_WHAT TO WORK ON_:
Everything from the line with "水彩花卉商务汇报Lorem Ipsum is" down to the line with "The session was" below must be printed exactly, those two lines included. Exclude pictures.

_DATA SHOWN_:

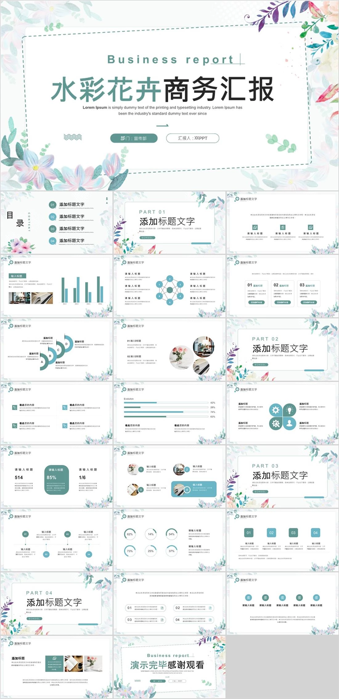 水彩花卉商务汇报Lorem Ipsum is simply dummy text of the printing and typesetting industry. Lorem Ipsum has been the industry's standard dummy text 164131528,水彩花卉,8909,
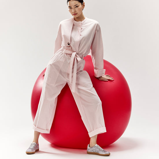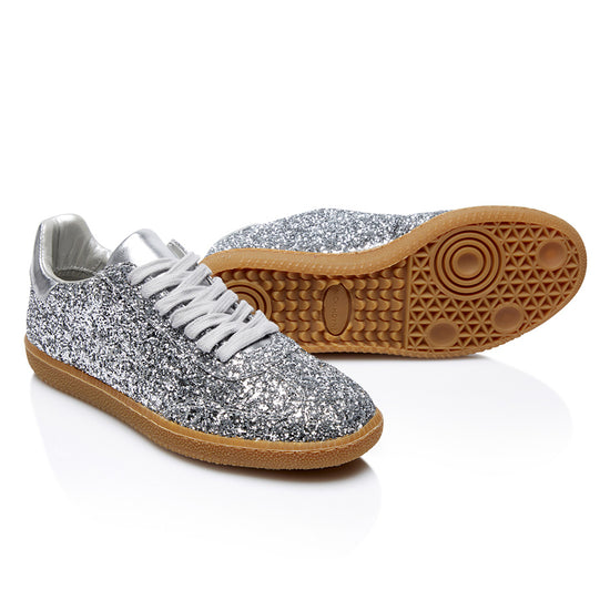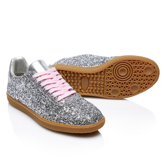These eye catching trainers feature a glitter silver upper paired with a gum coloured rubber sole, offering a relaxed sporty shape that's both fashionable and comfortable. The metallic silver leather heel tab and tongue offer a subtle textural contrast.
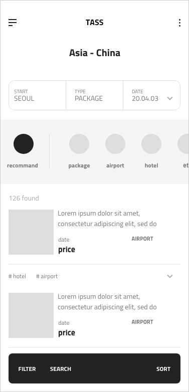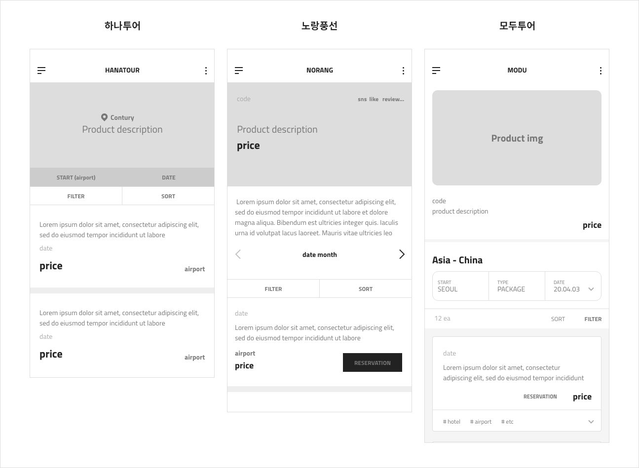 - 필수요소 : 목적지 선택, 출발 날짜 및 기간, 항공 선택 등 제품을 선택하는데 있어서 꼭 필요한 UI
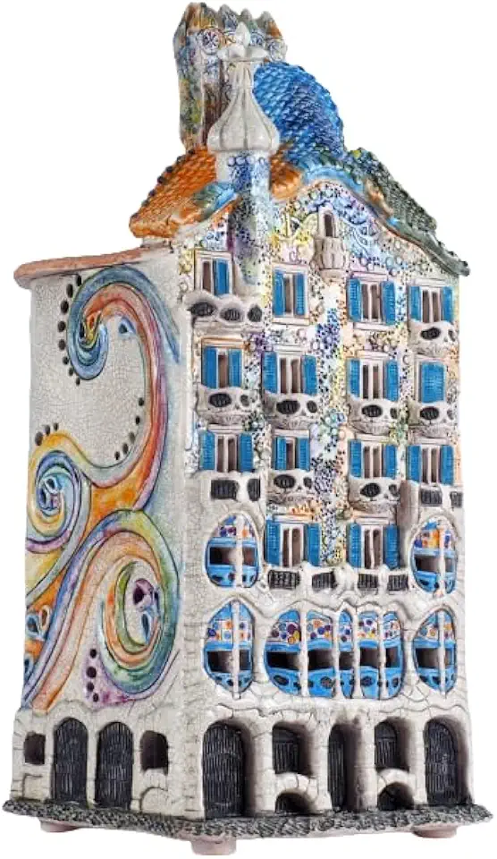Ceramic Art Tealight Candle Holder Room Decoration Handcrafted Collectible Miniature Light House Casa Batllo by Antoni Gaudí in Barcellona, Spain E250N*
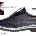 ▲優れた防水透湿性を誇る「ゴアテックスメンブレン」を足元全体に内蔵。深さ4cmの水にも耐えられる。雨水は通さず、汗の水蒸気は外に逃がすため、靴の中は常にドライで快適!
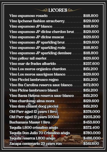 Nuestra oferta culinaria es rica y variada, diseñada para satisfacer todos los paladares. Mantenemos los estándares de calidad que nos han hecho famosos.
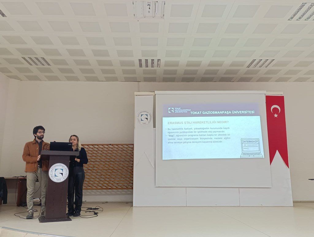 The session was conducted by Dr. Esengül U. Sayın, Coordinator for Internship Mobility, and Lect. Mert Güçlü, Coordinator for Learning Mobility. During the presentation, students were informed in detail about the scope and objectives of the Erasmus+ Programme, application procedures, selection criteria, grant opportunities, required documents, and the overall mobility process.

--

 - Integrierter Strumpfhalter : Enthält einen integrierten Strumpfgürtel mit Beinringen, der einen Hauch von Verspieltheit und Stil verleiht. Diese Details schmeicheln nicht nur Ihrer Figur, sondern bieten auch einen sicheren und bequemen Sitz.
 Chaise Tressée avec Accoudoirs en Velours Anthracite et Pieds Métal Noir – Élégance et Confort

...

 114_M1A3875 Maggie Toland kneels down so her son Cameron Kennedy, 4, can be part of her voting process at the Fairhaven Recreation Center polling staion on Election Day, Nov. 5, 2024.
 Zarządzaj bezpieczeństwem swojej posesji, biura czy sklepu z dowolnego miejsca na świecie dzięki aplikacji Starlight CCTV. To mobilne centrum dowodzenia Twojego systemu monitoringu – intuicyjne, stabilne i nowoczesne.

_EXERCISE ANSWER_:
 水彩花卉商务汇报Lorem Ipsum is simply dummy text of the printing and typesetting industry. Lorem Ipsum has been the industry's standard dummy text 164131528,水彩花卉,8909,
These eye catching trainers feature a glitter silver upper paired with a gum coloured rubber sole, offering a relaxed sporty shape that's both fashionable and comfortable. The metallic silver leather heel tab and tongue offer a subtle textural contrast.
 - 필수요소 : 목적지 선택, 출발 날짜 및 기간, 항공 선택 등 제품을 선택하는데 있어서 꼭 필요한 UI
Ceramic Art Tealight Candle Holder Room Decoration Handcrafted Collectible Miniature Light House Casa Batllo by Antoni Gaudí in Barcellona, Spain E250N*
 ▲優れた防水透湿性を誇る「ゴアテックスメンブレン」を足元全体に内蔵。深さ4cmの水にも耐えられる。雨水は通さず、汗の水蒸気は外に逃がすため、靴の中は常にドライで快適!
 Nuestra oferta culinaria es rica y variada, diseñada para satisfacer todos los paladares. Mantenemos los estándares de calidad que nos han hecho famosos.
 The session was conducted by Dr. Esengül U. Sayın, Coordinator for Internship Mobility, and Lect. Mert Güçlü, Coordinator for Learning Mobility. During the presentation, students were informed in detail about the scope and objectives of the Erasmus+ Programme, application procedures, selection criteria, grant opportunities, required documents, and the overall mobility process.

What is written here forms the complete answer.